To examine the distribution of a continuous variable use a histogram.
You should always explore a variety of binwidths when working with histograms, as different binwidths can reveal different patterns.
– R for Data Science.
Let’s use a histogram to explore the variable dbh, which represents the stem diameter, usually at breast height (see description of ViewFullTable variables at the data dictionary). Now we will focus on small trees; big trees will be explored later. And we will try bars of different widths and choose one for further analyses.
small_dbh <- dplyr::filter(bci12full7, dbh < 500)
# Save data and mappings in "p" to reuse them later.
p <- ggplot(data = small_dbh, mapping = aes(x = dbh))
p + geom_histogram(binwidth = 10)
p + geom_histogram(aes(dbh), binwidth = 30)
p + geom_histogram(aes(dbh), binwidth = 60)

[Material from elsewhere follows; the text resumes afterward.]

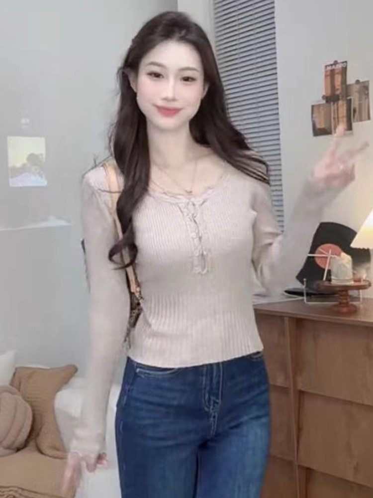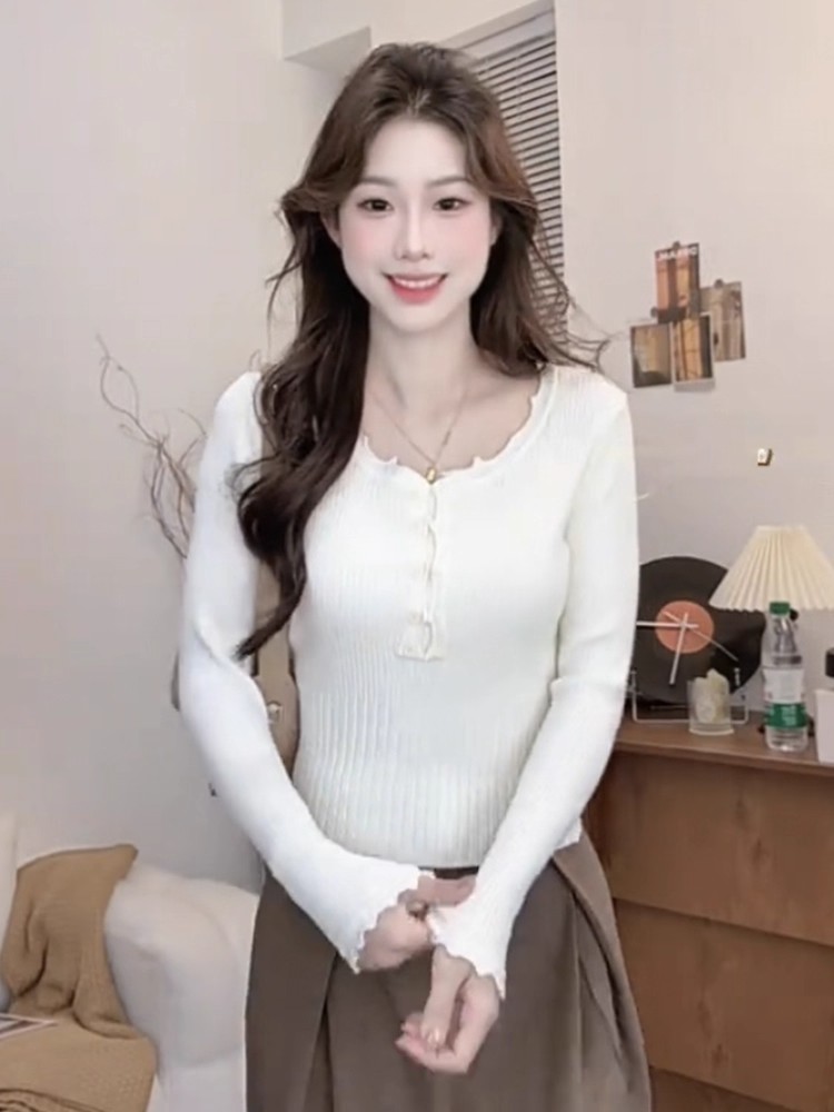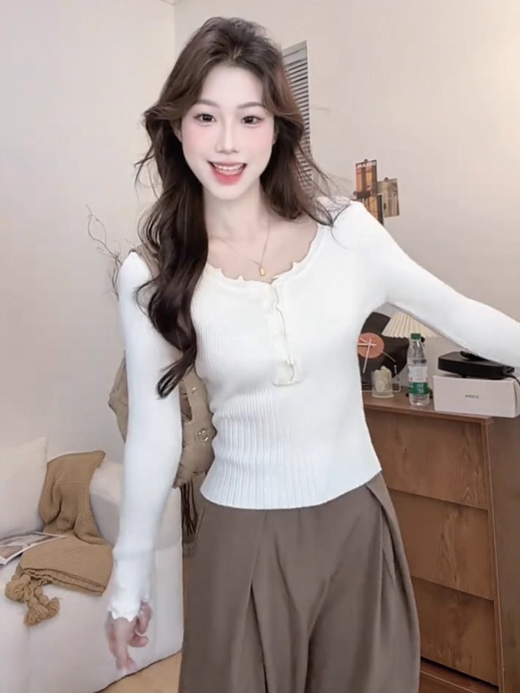 法式浪漫风半纽扣花边领毛针织衫女2026春秋新款设计感百搭短上衣

A bar width of 30 dbh seems useful.
# Save to reuse
useful_barwidth <- 30
The code above uses the temporary variable p; this reduces the boilerplate code and helps you focus on important changes. Yet this technique must be used carefully. It is good practice to avoid uninformative temporary names like p unless the meaning is obvious from the context and the “life” of the temporary variable is clearly limited to a discrete code chunk. Generally, prefer long informative names over short uninformative ones (http://a.co/4f8df29).
Alternatively, you can reduce the boilerplate code even further and without temporary variables by:
- writing a custom function with an argument to vary binwidth;
- using
purrr::map() (in the tidyverse) or lapply() to iteratively pass different binwidths to our custom function:
# Use the DRY principle (Don't Repeat Yourself)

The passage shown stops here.